▽

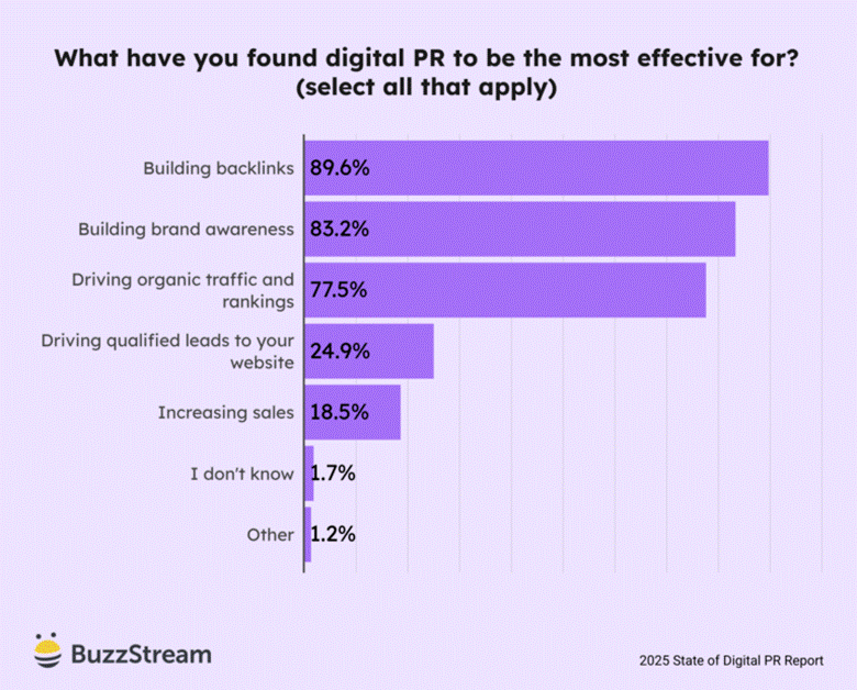 And according to a 2025 survey from Buzzstream, digital PR is the most effective for first building backlinks (89.6%) and, a close second, building brand awareness (83.2%):
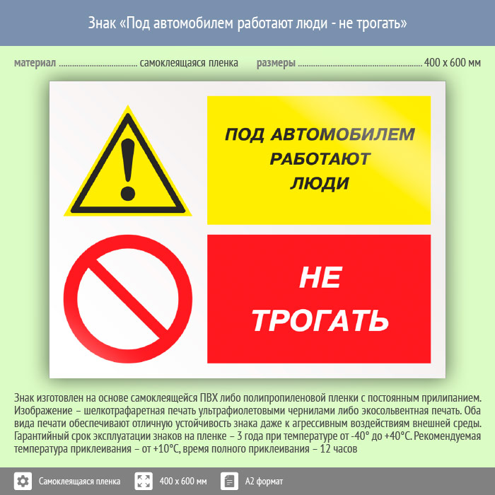 Знак «Под автомобилем работают люди - не трогать», КЗ-66 (пленка, 600х400 мм) в Нижнекамске купить
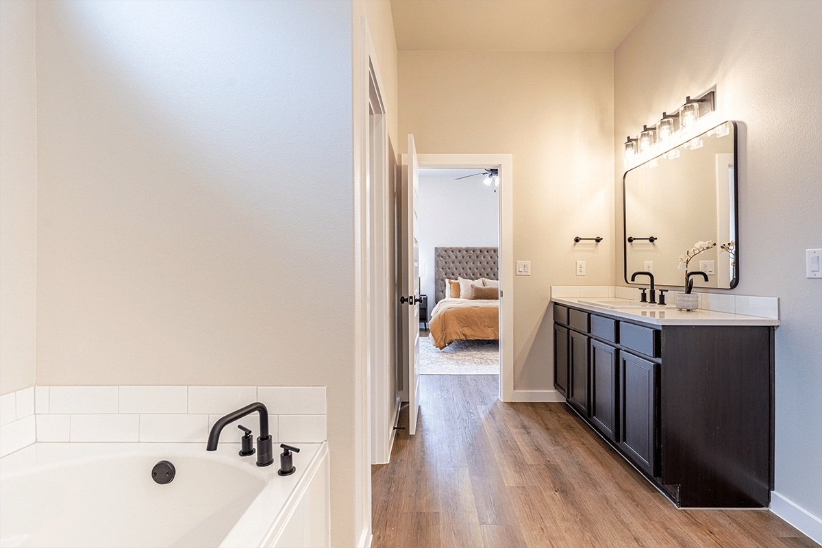 - Secluded master suite with garden tub, walk-in shower, his and hers vanities, and oversized walk-in closet
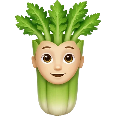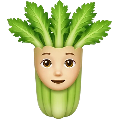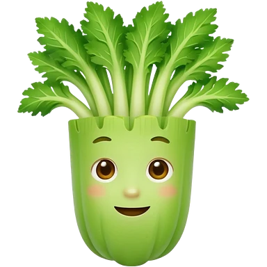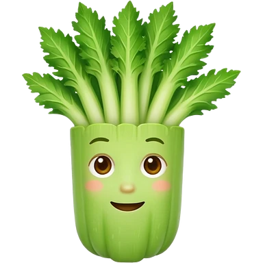 Friendly celery emoji avatar, cute and minimalistic style, warm eyes and gentle smile, flat design, soft shapes, clean modern look, highly recognizable at small sizes, centered composition, transparent or solid background, app icon quality. emoji
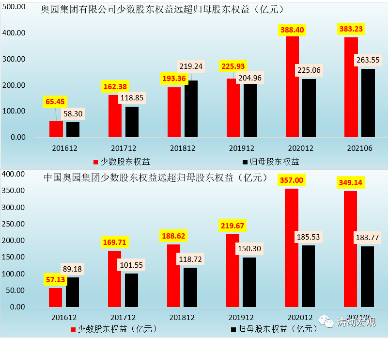 1、中國奧園是奧園系的源頭,而奧園集團則是中國奧園的絕對核心,其各項經營指標貢獻了中國奧園的95%左右。截至2021年6月底,中國奧園的總資產達到3161.55億元(奧園集團貢獻94%左右)、今年上半年分別實現(xiàn)營收和凈利潤326.53億元和17.40億元,而對應奧園集團分別實現(xiàn)營收和凈利潤317.76億元和37.97億元,優(yōu)于中國奧園。可以看出,今年上半年中國奧園貢獻的凈利潤遠小于其全資子公司奧園集團,甚至還不到奧園集團的一半,著實奇怪。

△

Leave out the pictures, and give all the records again exactly.

 And according to a 2025 survey from Buzzstream, digital PR is the most effective for first building backlinks (89.6%) and, a close second, building brand awareness (83.2%):
 Знак «Под автомобилем работают люди - не трогать», КЗ-66 (пленка, 600х400 мм) в Нижнекамске купить
 - Secluded master suite with garden tub, walk-in shower, his and hers vanities, and oversized walk-in closet
 Friendly celery emoji avatar, cute and minimalistic style, warm eyes and gentle smile, flat design, soft shapes, clean modern look, highly recognizable at small sizes, centered composition, transparent or solid background, app icon quality. emoji
 1、中國奧園是奧園系的源頭,而奧園集團則是中國奧園的絕對核心,其各項經營指標貢獻了中國奧園的95%左右。截至2021年6月底,中國奧園的總資產達到3161.55億元(奧園集團貢獻94%左右)、今年上半年分別實現(xiàn)營收和凈利潤326.53億元和17.40億元,而對應奧園集團分別實現(xiàn)營收和凈利潤317.76億元和37.97億元,優(yōu)于中國奧園。可以看出,今年上半年中國奧園貢獻的凈利潤遠小于其全資子公司奧園集團,甚至還不到奧園集團的一半,著實奇怪。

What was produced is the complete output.